Alaska Dispatch News made the move after receiving nearly 900 reader comments with the common theme that comments are a problem. With hundreds of comments being posted to the ADN.com site per day, the paper didn’t have enough staff to sufficiently monitor them.
“It’s a fresh approach to story commenting, using reviews by other commenters to help moderate submissions. The goal: interesting and civil debate and conversation, no spam and, we hope, a better experience for all readers,” said executive editor David Hulen in the announcement.
“We’re keeping our comments. At their best, they add information and other points of view, and they can inform our own reporting. We value that and want to keep it,” Hulen added. “We’re not looking to stifle or skew debate. We do want to improve the quality of the comment space, and we think Civil Comments can help us do that.
Based in Portland, Civil Comments is a startup that uses technology to moderate comments using peer review. Here’s how their product works. A reader creates an account using their Facebook or Twitter login or an email address, and creates a user name. When the reader goes to post a comment, they’ll be asked to rate three other people’s comments for quality and civility, and then rate their own comment.
Once the reader’s comment is submitted, it will be rated by other commenters and Civil Comments’ algorithms analyze the comments and decide which to publish. Abusive or harassing posts will not make the cut.

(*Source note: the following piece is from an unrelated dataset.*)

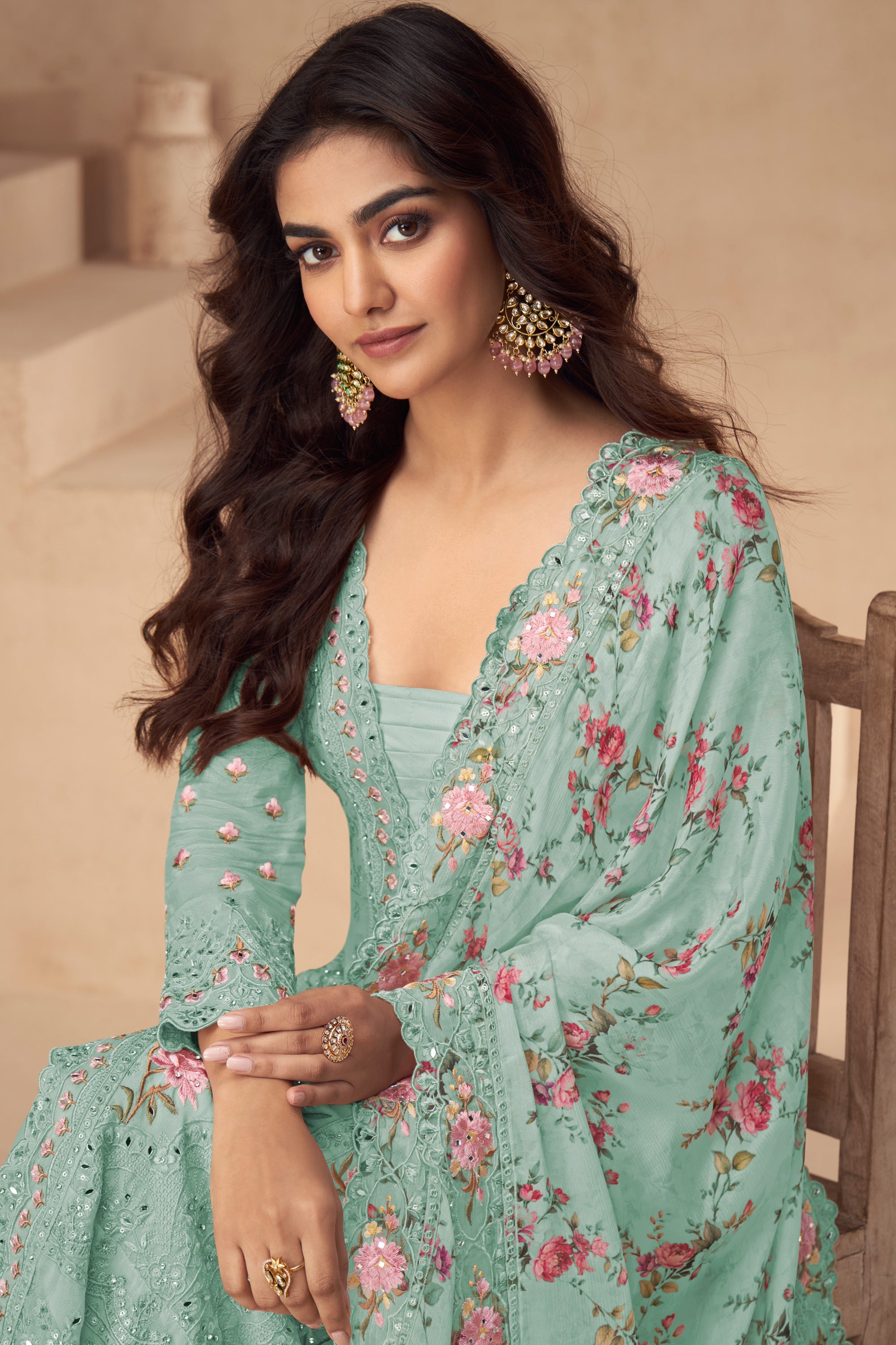 Elevate your festive wardrobe with this stunning Chinon Silk Fabric Designer Palazzo Suit. Crafted for elegance and comfort, the luxurious silk fabric provides a rich texture that flows gracefully. The designer touch brings a unique charm, making it perfect for special occasions and celebrations. Pair it with your favorite accessories to complete the look and leave a lasting impression at any event. Available in a variety of colors to suit your personal style.
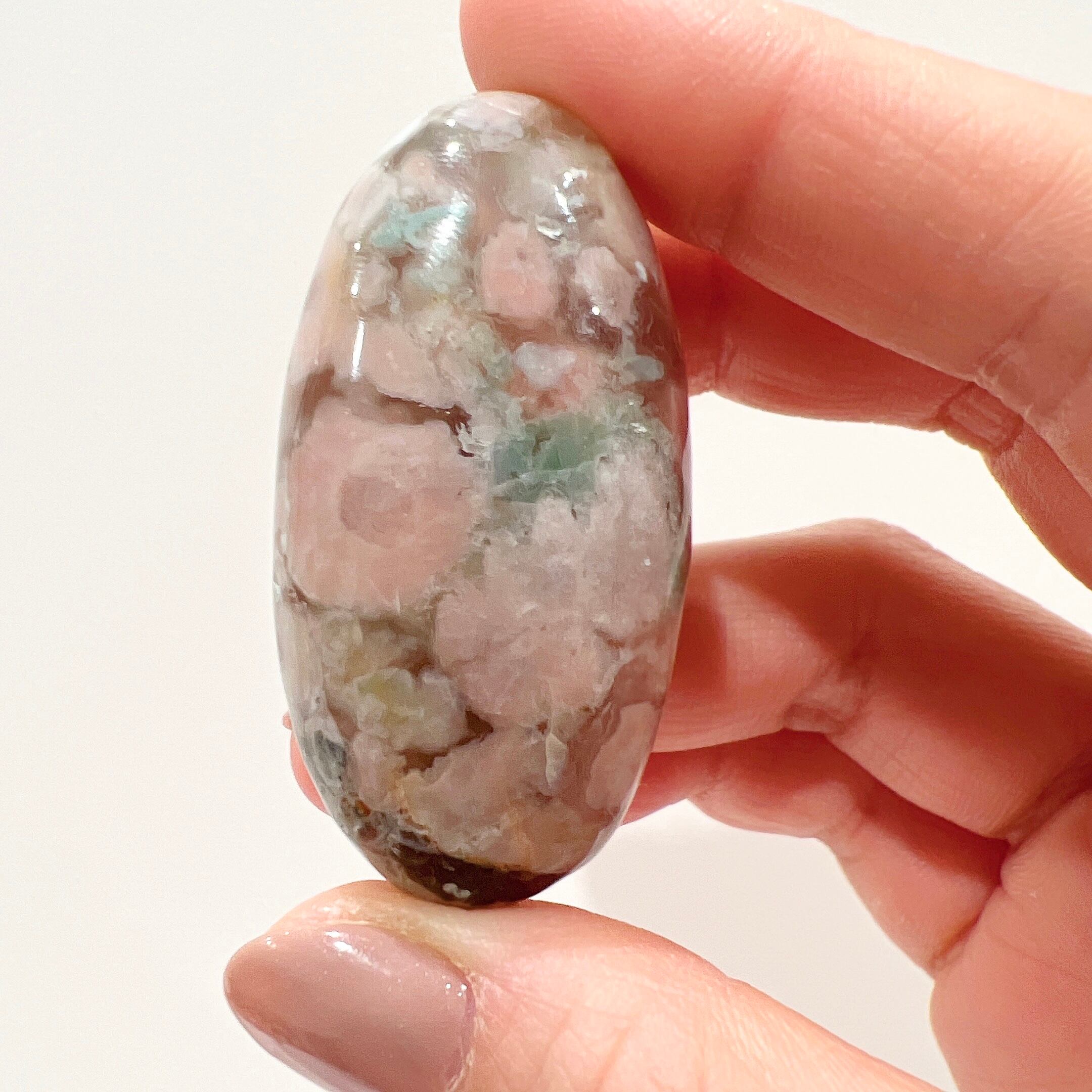ピンク色の可愛いお花がメインでところどころグリーンが入っていて全体的に透明感があります♡40gあり今回のタンブルちゃんの中で1番大きい子♡

Alaska Dispatch News plans to leave previous comments on older posts in place and begin using Civil Comments on new content starting with articles published March 23. Comments (432 of them!) on the announcement were varied, but they were civil.
Insider Take:
This is a refreshing approach to commenting, and we applaud Civil Comments for developing such a system and the media outlets who’ve chosen to give it a whirl. Comments have become increasingly negative, even downright evil at times, causing media outlets like The Verge, the Chicago Sun-Times and Popular Science to turn them comments altogether.
There must be a happy medium to meet the needs of publishers who can’t afford to manually moderate every comment and the needs of readers who wish to be a part of the conversation. Civil Comments provides an alternative to allow discussions of news stories and editorials to continue without an undue burden on publishers.
Of course, the trolls will still find a way to ruin online discourse for the rest of us, but Civil Comments offers an appealing option. We’ll be watching to see how these three news outlets fare with the new platform and to see if other, larger media outlets will adopt it too.